▸ **Try it**:
Return all the entries word for word, minus the pictures.

* * *

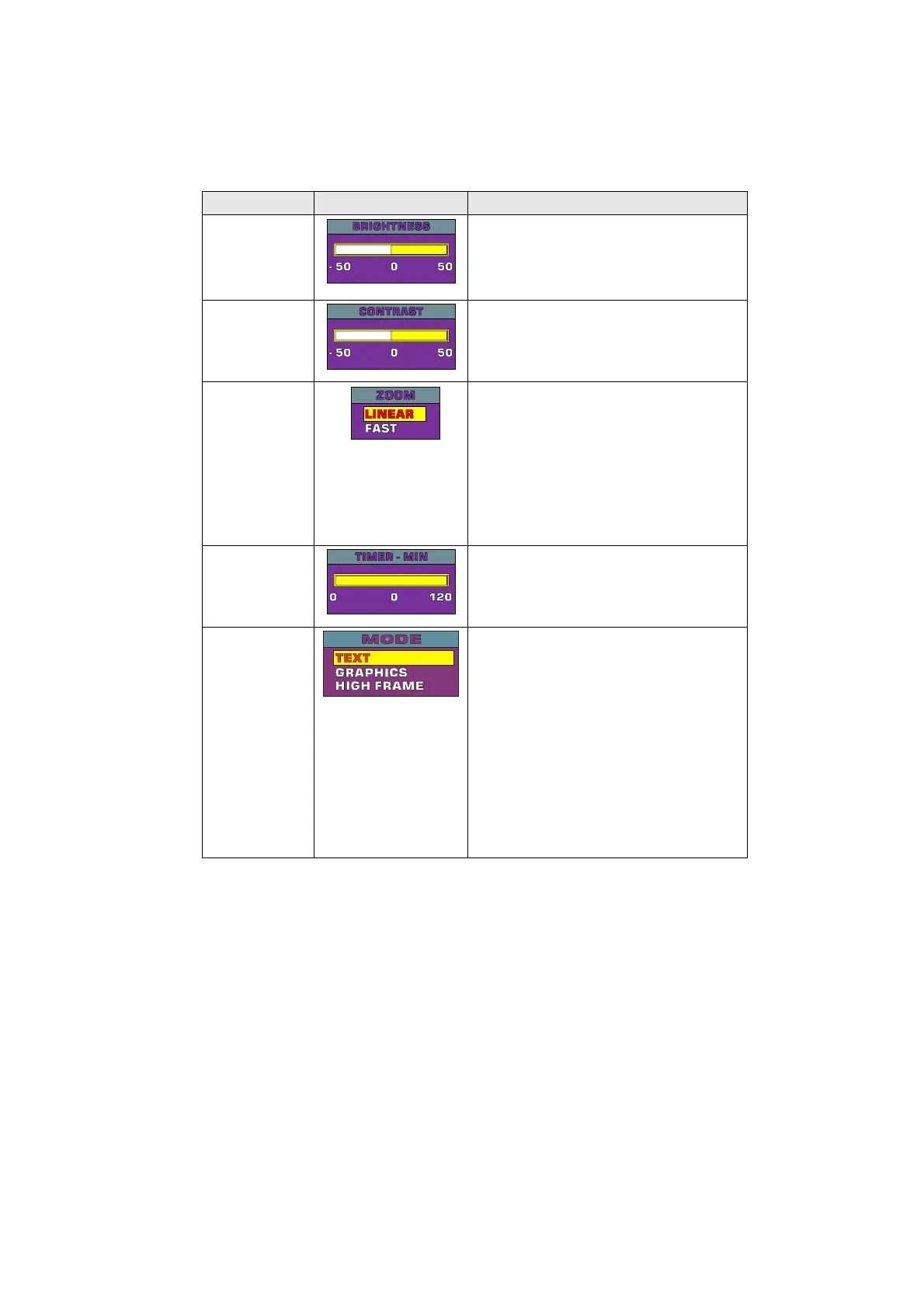 Main Menu Sub-Menu OSD Description
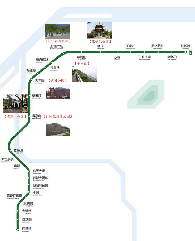 经过西善桥站、螺塘路站、太清路站、永初路站、嘉陵江东街站、中胜站、新城科技园站、梦都大街东站、应天大街站、南湖站、大士茶亭站、莫愁湖站、清凉山站、草场门站、古平岗站、福建路站、钟阜路站、幕府西路站、五塘广场站、幕府山站、晓庄站、万寿站、丁家庄站、丁家庄南站、尧化新村站、尧化门站、仙新路站。
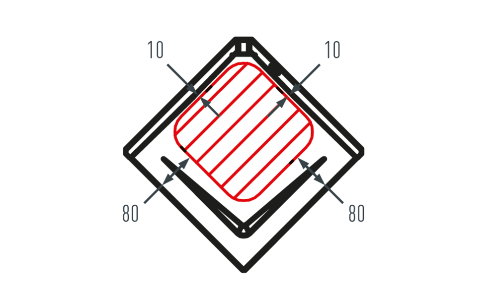 Pri montaži dodatnih strešnih izdelkov pazite na dovoljeno montažno območje na strešnih rombih 29 x 29. Naslednja slika prikazuje montažno območje za dodatne izdelke na nožnih delih. Za druge dodatne izdelke so lahko določena drugačna montažna območja.
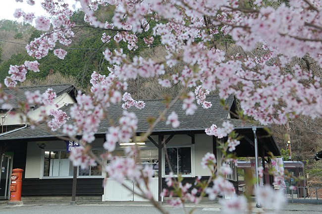 足尾駅も桜満開。快晴なので、日が昇った後の光線や青空が楽しみです。
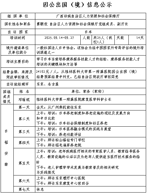 为加速培养我区康养服务技能人才队伍,应日本一般社团法人日中协会邀请,经研究,我单位拟派邓丽妮同志参加自治区人力资源和社会保障厅“康养服务技能人才及体系建设培训团”,于2025年9月14日至9月27日赴日本培训。
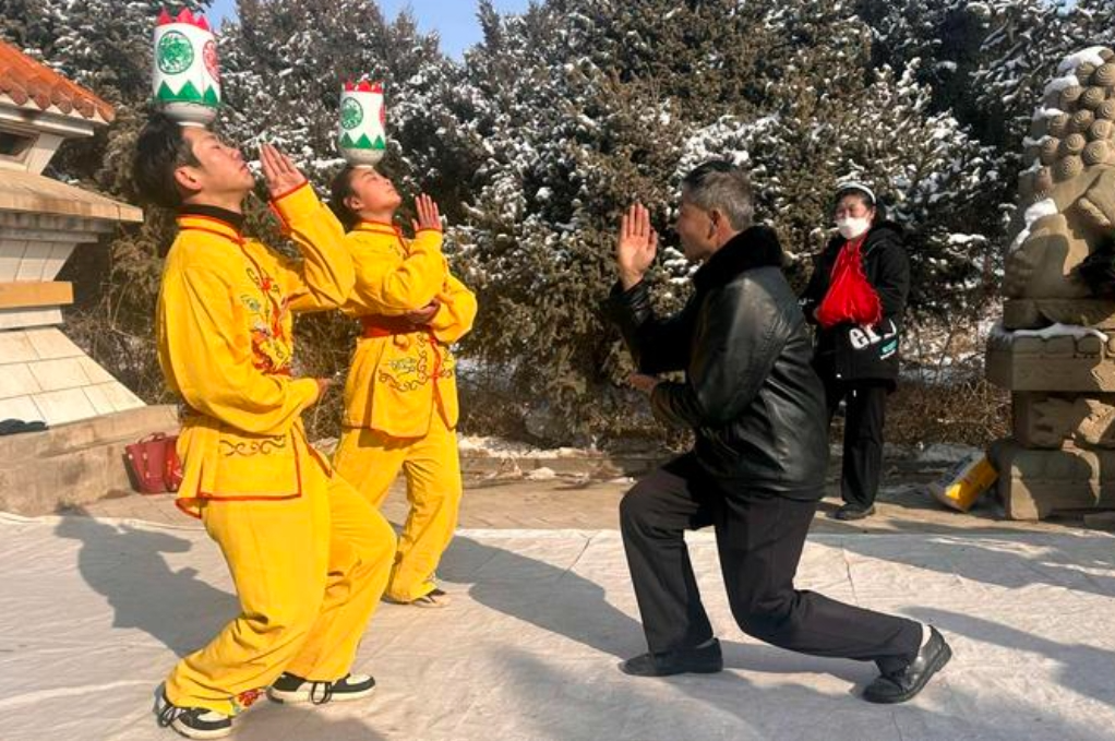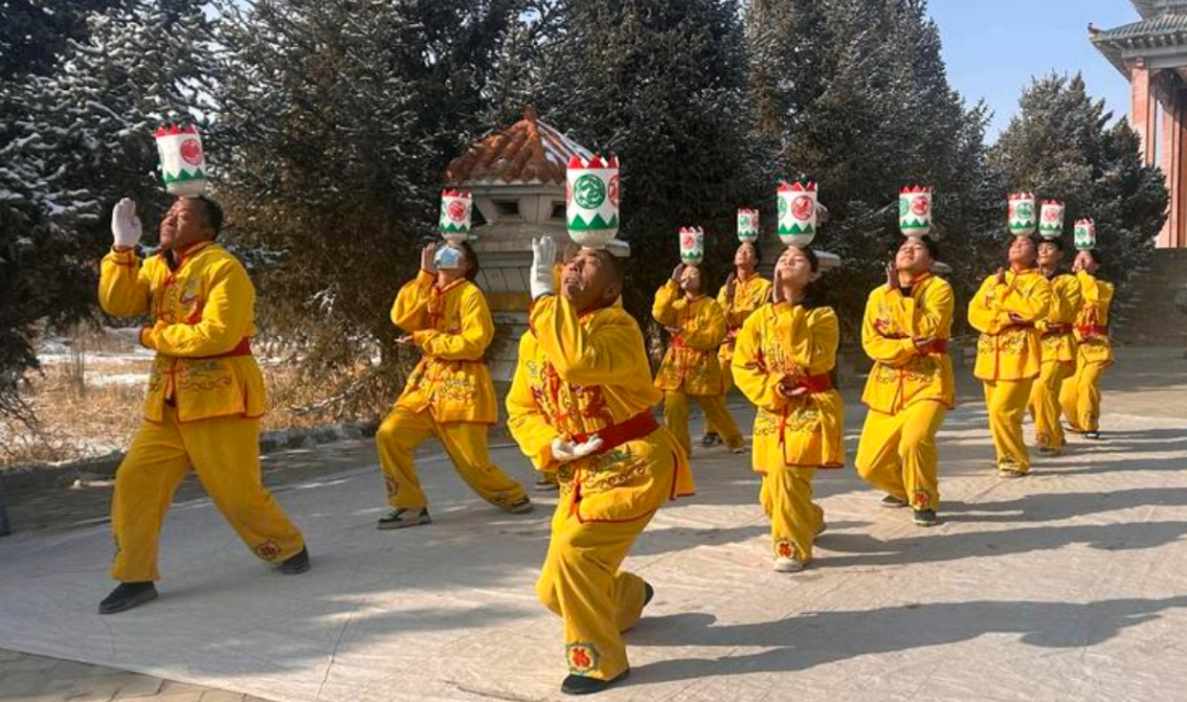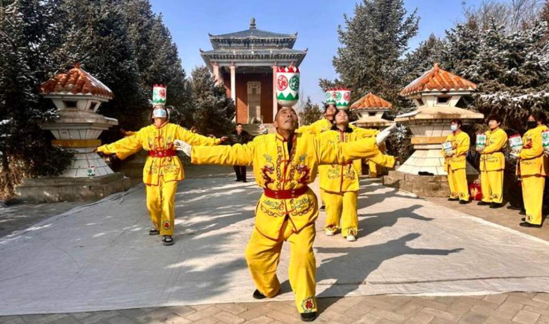春节期间,凉州区永昌镇石碑村热闹非凡,石碑滚灯班子的队员们正在表演滚灯舞。伴随着锣鼓声声,滚灯队员们头顶灯碗,模拟各种动物的形态,做翻转滚爬等一系列动作,表演幽默风趣,技巧性强,带有一定的杂技性。

* * *

▸ **Response**:
 Main Menu Sub-Menu OSD Description
 经过西善桥站、螺塘路站、太清路站、永初路站、嘉陵江东街站、中胜站、新城科技园站、梦都大街东站、应天大街站、南湖站、大士茶亭站、莫愁湖站、清凉山站、草场门站、古平岗站、福建路站、钟阜路站、幕府西路站、五塘广场站、幕府山站、晓庄站、万寿站、丁家庄站、丁家庄南站、尧化新村站、尧化门站、仙新路站。
 Pri montaži dodatnih strešnih izdelkov pazite na dovoljeno montažno območje na strešnih rombih 29 x 29. Naslednja slika prikazuje montažno območje za dodatne izdelke na nožnih delih. Za druge dodatne izdelke so lahko določena drugačna montažna območja.
 足尾駅も桜満開。快晴なので、日が昇った後の光線や青空が楽しみです。
 为加速培养我区康养服务技能人才队伍,应日本一般社团法人日中协会邀请,经研究,我单位拟派邓丽妮同志参加自治区人力资源和社会保障厅“康养服务技能人才及体系建设培训团”,于2025年9月14日至9月27日赴日本培训。
春节期间,凉州区永昌镇石碑村热闹非凡,石碑滚灯班子的队员们正在表演滚灯舞。伴随着锣鼓声声,滚灯队员们头顶灯碗,模拟各种动物的形态,做翻转滚爬等一系列动作,表演幽默风趣,技巧性强,带有一定的杂技性。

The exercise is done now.